== EXERCISE DESCRIPTION ==
Leave the pictures out, and repeat exactly each line from the one that holds "Costruzioni in legno" through the final line of the entries below.

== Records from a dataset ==
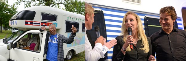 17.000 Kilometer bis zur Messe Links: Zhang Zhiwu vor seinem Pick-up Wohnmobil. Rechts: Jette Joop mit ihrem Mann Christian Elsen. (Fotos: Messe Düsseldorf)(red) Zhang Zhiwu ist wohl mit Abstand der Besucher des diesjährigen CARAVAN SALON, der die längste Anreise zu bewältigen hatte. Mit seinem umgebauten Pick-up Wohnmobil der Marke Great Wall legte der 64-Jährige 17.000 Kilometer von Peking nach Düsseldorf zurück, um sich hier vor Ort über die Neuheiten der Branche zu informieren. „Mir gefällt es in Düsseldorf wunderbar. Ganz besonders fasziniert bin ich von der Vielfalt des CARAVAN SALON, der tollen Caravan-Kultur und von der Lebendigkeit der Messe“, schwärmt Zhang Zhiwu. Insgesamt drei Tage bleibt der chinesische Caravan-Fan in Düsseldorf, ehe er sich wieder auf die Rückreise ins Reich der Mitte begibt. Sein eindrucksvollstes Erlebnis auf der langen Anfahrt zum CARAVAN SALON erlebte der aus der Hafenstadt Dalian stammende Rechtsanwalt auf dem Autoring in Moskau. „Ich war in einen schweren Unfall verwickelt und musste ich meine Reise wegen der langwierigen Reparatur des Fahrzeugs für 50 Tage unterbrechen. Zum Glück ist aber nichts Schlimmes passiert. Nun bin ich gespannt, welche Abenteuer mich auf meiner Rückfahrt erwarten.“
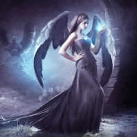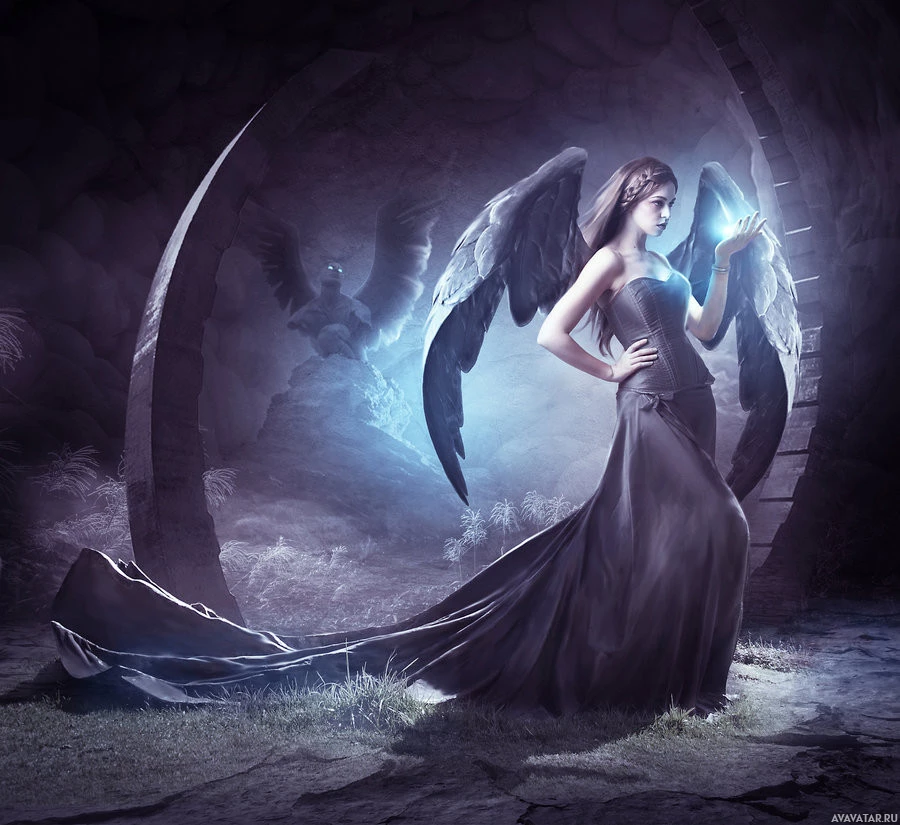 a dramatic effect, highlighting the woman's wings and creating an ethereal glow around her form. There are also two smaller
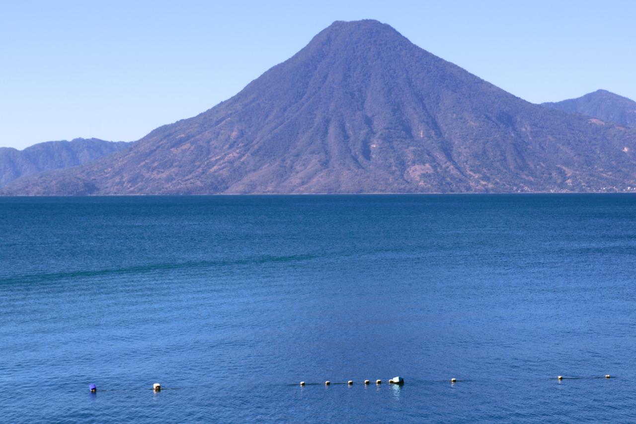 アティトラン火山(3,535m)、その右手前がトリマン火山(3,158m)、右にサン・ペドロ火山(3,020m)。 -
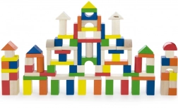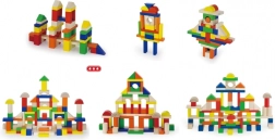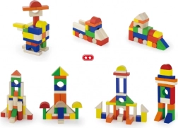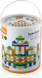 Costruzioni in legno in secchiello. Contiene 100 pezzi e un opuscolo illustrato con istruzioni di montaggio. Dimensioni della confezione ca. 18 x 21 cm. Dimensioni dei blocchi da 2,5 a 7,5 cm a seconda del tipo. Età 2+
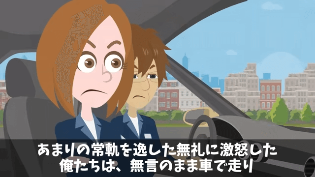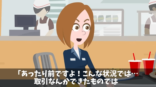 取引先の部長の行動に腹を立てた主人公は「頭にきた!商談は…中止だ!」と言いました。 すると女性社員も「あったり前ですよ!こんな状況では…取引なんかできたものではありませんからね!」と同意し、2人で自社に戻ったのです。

== ANSWER SPACE ==
 Costruzioni in legno in secchiello. Contiene 100 pezzi e un opuscolo illustrato con istruzioni di montaggio. Dimensioni della confezione ca. 18 x 21 cm. Dimensioni dei blocchi da 2,5 a 7,5 cm a seconda del tipo. Età 2+
 取引先の部長の行動に腹を立てた主人公は「頭にきた!商談は…中止だ!」と言いました。 すると女性社員も「あったり前ですよ!こんな状況では…取引なんかできたものではありませんからね!」と同意し、2人で自社に戻ったのです。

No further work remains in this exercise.